A cet effet, elle rappelle à plusieurs reprises que le choix de la rénovation complète n’a jamais été retenu par la majorité municipale. Cette réhabilitation partielle comprendra la façade notamment. Une inflexion arrive sur la table à travers une consultation citoyenne pour l’aménagement de la nef et du clocher « en lien avec le respect de l’histoire de cette église du Sacré-Coeur. Elle fait partie de l’architecture de la Place Baudin », mentionne-t-elle.

Pour Ludovic Tonneau, il met en exergue le choix de l’utilisation « du mot église dans votre délibération, alors que ce bâtiment a été désacralisé en 2013. Je vous demande de fait de reporter le vote de cette délibération. Cette ancienne église est votre échec. Ensuite, où est la démocratie participative sur ce projet ?  ».

Pour Michèle Dandois, le propos est plus virulent : « Ce vote est la suite de cette mascarade épouvantable. Vous voulez balayer un autre pan de notre patrimoine local, comme celui du Château du Parc Lebret. Le patrimoine n’est pas votre ami ».

Pour Joshua Hochart, la mauvaise décision est ailleurs. « Vous n’avez pas fait le choix de la préemption en son temps au moment où nous pouvions sauver l’intégralité de cette église ».

La maire répond, courrier et chiffres à l’appui, en soulignant « l’interpellation du Diocèse de Cambrai, en 2011, sur la problématique des travaux nécessaires sur cette église. Ensuite, la rénovation intégrale coûterait plus de 5 millions d’euros. Avez-vous des propositions à me faire afin de trouver cette somme Mme Dandois ? Enfin, je souligne que la situation financière est différente entre 2019 (programme de campagne municipal) et 2023 ».

La réforme des retraites abordée

L’introduction de deux motions contre la Réforme des Retraites a permis à l’édile de s’exprimer sur ce dossier électrique à plus d’un titre. Tour d’abord, elle fustige l’attitude de certains élus de la France Insoumise, notamment l’épisode du ballon de foot… « c’est lamentable. C’est extrêmement dangereux pour notre pays » ! Ensuite, elle marque son incompréhension « sur les carrières longues, la pénibilité, et les 1 200 euros ».

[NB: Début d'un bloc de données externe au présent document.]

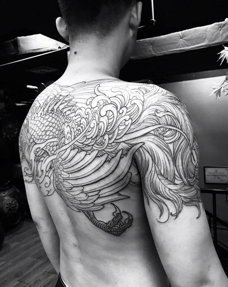 当前位置: 首页 >浙江省杭州市纹身店-异绣堂纹身工作室纹身图案>凤凰半背纹身图片_肩部背部凤凰传统动物纹身图案

Suite à cette prise de position claire, Ludovic Tonneau s’étonne, de facto, de son « soutien à Emmanuel Macron au second tour de la Présidentielle et au candidat de la majorité présidentielle pour les législatives 2022 (sans un appel à faire barrage au RN au second tour) ». La réponse est très politique « j’ai voté contre l’extrême droite à la Présidentielle au second tour, puis je n’ai pas pris de position ni pour l’extrême droite, ni pour l’extrême gauche aux législatives ». Un classement sur l’échiquier politique de la NUPES dont il faudra se souvenir à la lumière des prochains mois agités au sein de cette coalition politique de gauche.